Liberal Democratic Party of Russia

Thus, the Communist Party of the Russian Federation will receive 42 mandates in the State Duma, the LDPR 39, and A Just Russia 23. For the communists and A Just Russia, this is a serious decline in their Duma representation. In the last elections in 2011, the KPRF won 50 mandates and A Just Russia claimed 41. The LDPR, then, is among the winners by gaining 17 new seats.

A Just Russia

According to the results of the vote in single-mandate districts which were held for the first time in recent years, Rodina and Civic Platform will also join the Duma, along with one independent candidate, Vladislav Reznik.


Civic Platform

Political analyst Gleb Kuznetsov believes that United Russia will offer leading positions in the State Duma to the opposition as a gesture of good will. “United Russia gave us single-mandate districts and, in general, did a lot to develop competition in these elections. Therefore, I posit that some leading posts in committees and the State Duma as a whole will be given to the opposition as a gesture of good will, thus allowing a rather interesting parliament to be created from the government’s point of view,” he noted.

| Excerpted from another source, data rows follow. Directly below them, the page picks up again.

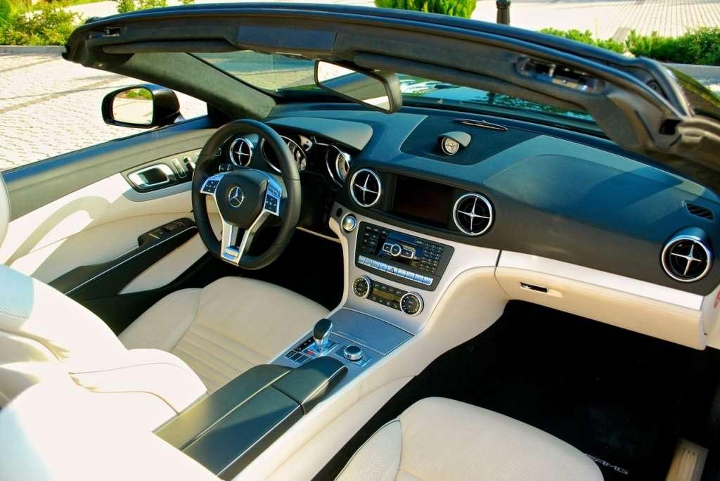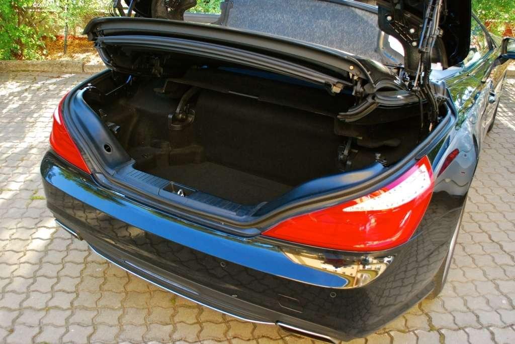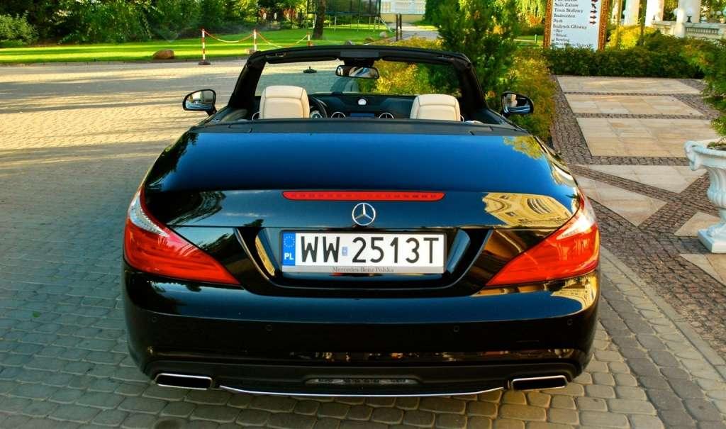 Bagażnik? Na krótkie wyjazdy we dwoje – w zależności od pozycji dachu mieści od 241 do 381 litrów. Spora liczba schowków ułatwia utrzymanie porządku w kabinie SL-a. Trafiły do niej elementy znane z innych modeli Mercedesa. Nie urzekają sportowym wzornictwem, ale świetnie pasują do ekskluzywnego charakteru roadstera. Kto chciałby delektować się jazdą pod gołym niebem przy dowolnej temperaturze, powinien wybrać z arcydługiej listy opcji Airscarf, czyli układ ogrzewania głowy i karku. Po jego włączeniu można, bez obaw o zdrowie lub samopoczucie, podróżować z otwartym dachem nawet, gdy temperatura powietrza spadnie poniżej 10 stopni Celsjusza.
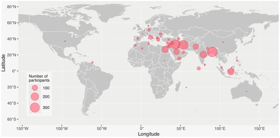 Geographical distribution of participants in the TIF’s international thalassaemia collaborative assessment survey, created using the ggplot2 package in “R”. The circle radius represents the number of survey participants from each country.
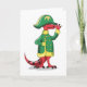 Cartão Um Tiranossauro De Cartoon Vestido Como Napoleão.
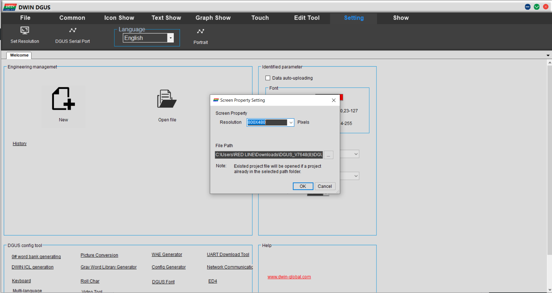 - برای شروع کار، ابتدا وارد وبسایت رسمی شرکت DWIN به آدرس (لینک) شوید. سپس از بخش T5L DGUS آخرین نسخه نرمافزار DGUS را دریافت کنید. بعد از اتمام دانلود،فایل فشرده را استخراج کرده و در پوشه ایجاد شده به دنبال فایل اجرایی DGUS_V7637.EXE (یا نسخه بهروزتر آن) بگردید و اجرا کنید.
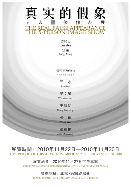 为一个已经确定了大多数作品和作者的展览写评论,的确有难度。仔细看了一下作品之后,我想到了“真实的假象”这么几个字。于是便确定了北京展览的标题。而标题的确定是为了阐述我的一些不成熟的想法。那么什么才是真实?从词面上讲,真实就是跟客观事实相符合的事物。而影像上所谓的真实我以为是指图像看上却就像客观存在的物象。那么什么才是假象?假象就是指那些与事物本质不符合的表面现象,这种表面的现象往往都是人为伪造的、虚伪的、不真实的。
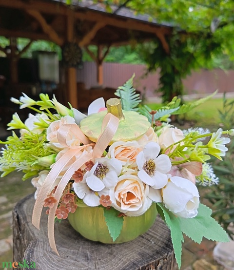 - Anyaga: kerámiapor, akrilfesték, selyemvirág, termés, tűzőhab
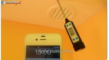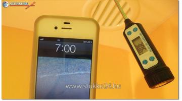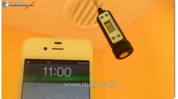 Díszléceinket zárt cellaszerkezetű XPS alapanyagból gyártjuk. Az alapanyag 70 ºC-os hőmérsékleten kezd olvadni. Megmértük a LED világítás és tápegység által kibocsátott hőt, melyeket díszléceinkbe építettünk be. A hőmérsékletet 7 órakor, 8 órakor, 11 órakor és 15 órakor mértük. A mérési eredményeket a képeken látja. A hőmérséklet 37,6 ºC-ig emelkedik, mégis a normál tartományban marad. Kérem gondoskodjon a LED világítás kiépítésénél a megfelelő szellőzésről. Egyeztessen villanyszerelővel, aki a LED világítást beszereli. Az Ön biztonsága érdekében tervezzen vele együtt.

In addition, Kuznetsov emphasized, despite the constitutional majority that United Russia boasts, representatives of the small parties that did not pass the 5% threshold will be elected to the Duma. Thus, from the point of view of representation, the Duma looks “quite full.”

Aleksey Zudin, a member of the Expert Council of the Institute for Socio-Economic and Political Studies, suggests that United Russia will cooperate with the opposition: “We can already see previous experience in bipartisan cooperation in the legislative sphere when United Russia supports some bills drafted by the opposition.”

The losing parties, including those who significantly lost to United Russia and those which will not enter the State Duma at all have assessed their failures differently. The leader of A Just Russia, Sergey Mironov, believes that the LDPR’s high results are linked to voters’ desire to vote against everyone. In this regard, he called for a revision of electoral legislation including the abolition of absentee ballots, early voting, and returning the “against all” option to ballot papers.

PARNAS believes that it couldn’t convince voters to come out and vote, the party’s deputy chairman, Konstanin Merzlikin, told RIA Novosti on Sunday. He noted that the elections had a low turnout. The chairman of the Communists of Russia Party, Sergey Malinkovich, and the deputy chairman of the Patriots of Russia Party, Nadezhda Korneeva, agreed with Merzlikin, calling the low turnout the reason for their losses.

On this note, according to the Central Electoral Commission’s latest data, the turnout throughout Russia was 47.81%, which is a fairly good figure for parliamentary elections.

According to Central Electoral Commission head Ella Pamfilova, the elections to the State Duma of the seventh convocation were legitimate. “One to two times less” violations were recorded during the voting and electoral campaign than during previous campaigns.

“Based on the information coming in from the regions, the number of complaints, appeals, and revealed violations is one to two times less…I have full confidence that the elections are completely legitimate, and we’ve done a lot to make this happen,” she said.

In Pamfilova’s opinion, it cannot be said that the percentage or level of abuses during the vote cast any doubt on the legitimacy of the elections.

On this note, the Central Electoral Commission did record three instances of ballot stuffing in three regions: Nizhegorod, Rostov, and Dagestan. The voting results in these regions will be cancelled. 

The commission monitoring illegal campaigns did not submit a single candidate to the Prosecutor General.